• Neethu Dasan Department of Pharmaceutical Chemistry, Devaki Amma Memorial College of Pharmacy, Malappuram, Kerala, India 673634
  • G. Babu Department of Pharmaceutical Chemistry, Devaki Amma Memorial College of Pharmacy, Malappuram, Kerala, India 673634
  • Shiny George Department of Pharmaceutical Chemistry, Devaki Amma Memorial College of Pharmacy, Malappuram, Kerala, India 673634


Objective: To design, synthesize and in vitro antitubercular, antifungal and antioxidant evaluation of some novel mercapto 1, 2, 4–triazole derivatives.

Methods: New derivatives were designed by using various software like ACD Lab chemsketch, molinspiration and autodock. Designed molecules are obeying Lipinski’s rule of five and having highest binding score was selected for the synthesis. The synthesized compounds were subjected to TLC, melting point determination, FTIR, 1H NMR, 13C NMR and mass spectral analysis.

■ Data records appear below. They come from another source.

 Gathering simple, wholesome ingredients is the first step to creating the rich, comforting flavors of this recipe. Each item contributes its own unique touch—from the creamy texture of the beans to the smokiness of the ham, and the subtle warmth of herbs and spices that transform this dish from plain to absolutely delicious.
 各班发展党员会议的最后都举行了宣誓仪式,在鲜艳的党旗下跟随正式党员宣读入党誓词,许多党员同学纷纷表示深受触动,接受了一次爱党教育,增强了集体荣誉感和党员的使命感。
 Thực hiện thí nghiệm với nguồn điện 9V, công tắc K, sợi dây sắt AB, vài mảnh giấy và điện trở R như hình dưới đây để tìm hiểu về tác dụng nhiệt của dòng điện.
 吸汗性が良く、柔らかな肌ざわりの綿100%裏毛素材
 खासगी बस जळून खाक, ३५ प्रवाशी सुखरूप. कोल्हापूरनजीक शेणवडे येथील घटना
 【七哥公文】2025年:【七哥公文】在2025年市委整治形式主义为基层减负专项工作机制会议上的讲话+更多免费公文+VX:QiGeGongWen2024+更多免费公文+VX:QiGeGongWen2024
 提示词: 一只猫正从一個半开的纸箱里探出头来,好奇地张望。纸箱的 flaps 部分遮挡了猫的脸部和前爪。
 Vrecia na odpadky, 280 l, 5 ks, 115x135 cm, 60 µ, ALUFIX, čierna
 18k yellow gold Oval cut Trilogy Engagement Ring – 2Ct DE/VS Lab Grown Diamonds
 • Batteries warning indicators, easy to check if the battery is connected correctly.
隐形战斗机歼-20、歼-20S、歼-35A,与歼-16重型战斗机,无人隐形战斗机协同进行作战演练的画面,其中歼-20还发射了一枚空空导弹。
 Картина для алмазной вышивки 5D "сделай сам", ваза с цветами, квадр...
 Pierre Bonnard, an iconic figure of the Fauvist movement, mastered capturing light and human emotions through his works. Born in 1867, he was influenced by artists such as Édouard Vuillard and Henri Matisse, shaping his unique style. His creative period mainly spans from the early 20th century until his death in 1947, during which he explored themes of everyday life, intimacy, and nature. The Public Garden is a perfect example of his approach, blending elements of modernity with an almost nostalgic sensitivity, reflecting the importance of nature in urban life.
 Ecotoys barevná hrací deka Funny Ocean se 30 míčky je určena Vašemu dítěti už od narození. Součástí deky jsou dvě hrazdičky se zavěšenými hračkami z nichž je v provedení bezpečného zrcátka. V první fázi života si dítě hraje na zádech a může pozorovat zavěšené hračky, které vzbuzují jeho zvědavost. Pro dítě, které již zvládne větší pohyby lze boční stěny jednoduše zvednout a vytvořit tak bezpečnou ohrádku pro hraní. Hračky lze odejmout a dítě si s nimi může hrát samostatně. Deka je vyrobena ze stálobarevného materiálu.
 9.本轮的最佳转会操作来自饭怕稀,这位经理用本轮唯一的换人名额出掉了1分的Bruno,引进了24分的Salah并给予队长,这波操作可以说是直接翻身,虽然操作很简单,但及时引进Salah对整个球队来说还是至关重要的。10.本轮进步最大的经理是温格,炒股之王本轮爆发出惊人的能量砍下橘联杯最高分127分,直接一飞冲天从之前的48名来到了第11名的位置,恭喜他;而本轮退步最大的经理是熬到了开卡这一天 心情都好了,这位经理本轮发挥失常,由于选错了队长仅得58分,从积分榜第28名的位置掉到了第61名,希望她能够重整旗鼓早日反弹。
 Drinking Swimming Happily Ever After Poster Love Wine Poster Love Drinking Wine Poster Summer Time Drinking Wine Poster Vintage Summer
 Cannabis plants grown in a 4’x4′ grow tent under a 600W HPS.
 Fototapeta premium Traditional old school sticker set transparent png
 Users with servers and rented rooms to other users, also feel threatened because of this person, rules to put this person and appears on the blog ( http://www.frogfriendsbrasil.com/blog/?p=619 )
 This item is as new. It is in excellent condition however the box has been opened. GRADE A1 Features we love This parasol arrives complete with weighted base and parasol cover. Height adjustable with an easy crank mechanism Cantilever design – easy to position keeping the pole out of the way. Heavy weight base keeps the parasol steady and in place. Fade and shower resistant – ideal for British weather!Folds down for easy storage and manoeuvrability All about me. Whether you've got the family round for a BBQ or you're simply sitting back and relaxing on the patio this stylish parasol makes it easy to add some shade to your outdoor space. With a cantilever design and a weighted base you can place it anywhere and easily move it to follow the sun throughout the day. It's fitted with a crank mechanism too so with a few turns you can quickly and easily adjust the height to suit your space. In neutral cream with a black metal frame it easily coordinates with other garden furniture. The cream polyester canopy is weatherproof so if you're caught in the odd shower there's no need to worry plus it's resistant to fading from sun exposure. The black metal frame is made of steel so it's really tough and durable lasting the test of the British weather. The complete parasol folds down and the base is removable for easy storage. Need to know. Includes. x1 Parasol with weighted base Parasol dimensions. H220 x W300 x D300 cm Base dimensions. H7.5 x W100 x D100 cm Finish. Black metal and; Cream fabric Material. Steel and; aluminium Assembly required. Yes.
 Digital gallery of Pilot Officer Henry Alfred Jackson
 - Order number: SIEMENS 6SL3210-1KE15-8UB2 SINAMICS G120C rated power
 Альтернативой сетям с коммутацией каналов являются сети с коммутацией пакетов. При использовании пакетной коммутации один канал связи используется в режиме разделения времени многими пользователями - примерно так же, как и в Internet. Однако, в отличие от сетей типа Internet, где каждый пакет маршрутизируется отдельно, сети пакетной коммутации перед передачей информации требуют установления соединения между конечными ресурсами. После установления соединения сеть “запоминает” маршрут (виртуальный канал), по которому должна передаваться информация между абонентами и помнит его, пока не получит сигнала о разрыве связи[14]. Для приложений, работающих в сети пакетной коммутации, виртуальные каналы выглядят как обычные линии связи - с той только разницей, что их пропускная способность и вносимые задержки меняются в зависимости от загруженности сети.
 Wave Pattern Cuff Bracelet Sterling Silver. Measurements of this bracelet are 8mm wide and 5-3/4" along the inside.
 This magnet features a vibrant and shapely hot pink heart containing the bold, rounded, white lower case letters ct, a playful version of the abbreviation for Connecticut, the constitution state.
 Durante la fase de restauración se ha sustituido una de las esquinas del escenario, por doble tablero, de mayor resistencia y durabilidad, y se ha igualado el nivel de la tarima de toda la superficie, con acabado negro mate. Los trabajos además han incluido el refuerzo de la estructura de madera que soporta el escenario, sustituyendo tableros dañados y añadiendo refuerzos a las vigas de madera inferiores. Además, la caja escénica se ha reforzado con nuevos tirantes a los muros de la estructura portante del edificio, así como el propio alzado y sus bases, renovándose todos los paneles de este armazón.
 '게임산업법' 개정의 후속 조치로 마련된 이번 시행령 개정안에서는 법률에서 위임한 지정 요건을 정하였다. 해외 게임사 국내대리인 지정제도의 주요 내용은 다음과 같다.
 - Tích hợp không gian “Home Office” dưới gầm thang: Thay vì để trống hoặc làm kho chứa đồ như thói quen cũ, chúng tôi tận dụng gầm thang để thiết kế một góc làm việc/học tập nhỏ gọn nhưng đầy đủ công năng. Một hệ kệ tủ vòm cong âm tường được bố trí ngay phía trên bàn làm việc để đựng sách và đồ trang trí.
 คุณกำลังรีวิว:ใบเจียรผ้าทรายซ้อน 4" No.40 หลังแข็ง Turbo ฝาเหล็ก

The newly synthesized compounds were investigated for in vitro antitubercular evaluation by MABA method, antifungal evaluation by cup plate method and antioxidant evaluation by DPPH scavenging assay.

Results: A virtual screening was carried out through docking designed compounds into the InhA and CYP-51 binding site to predict if these compounds have an analogous binding mode of the enoyl ACP reductase (InhA) and CYP-51 inhibitors. Three derivatives (4a1, 4a2 and 4a3) were selected for the synthesis with the help of in silico modeling. The selected derivatives were synthesized by a conventional method. All the synthesized compounds showed a characteristic peak in FT IR, 1H and 13C NMR and mass spectroscopic studies. All the selected derivatives showed antitubercular, antifungal and antioxidant activity.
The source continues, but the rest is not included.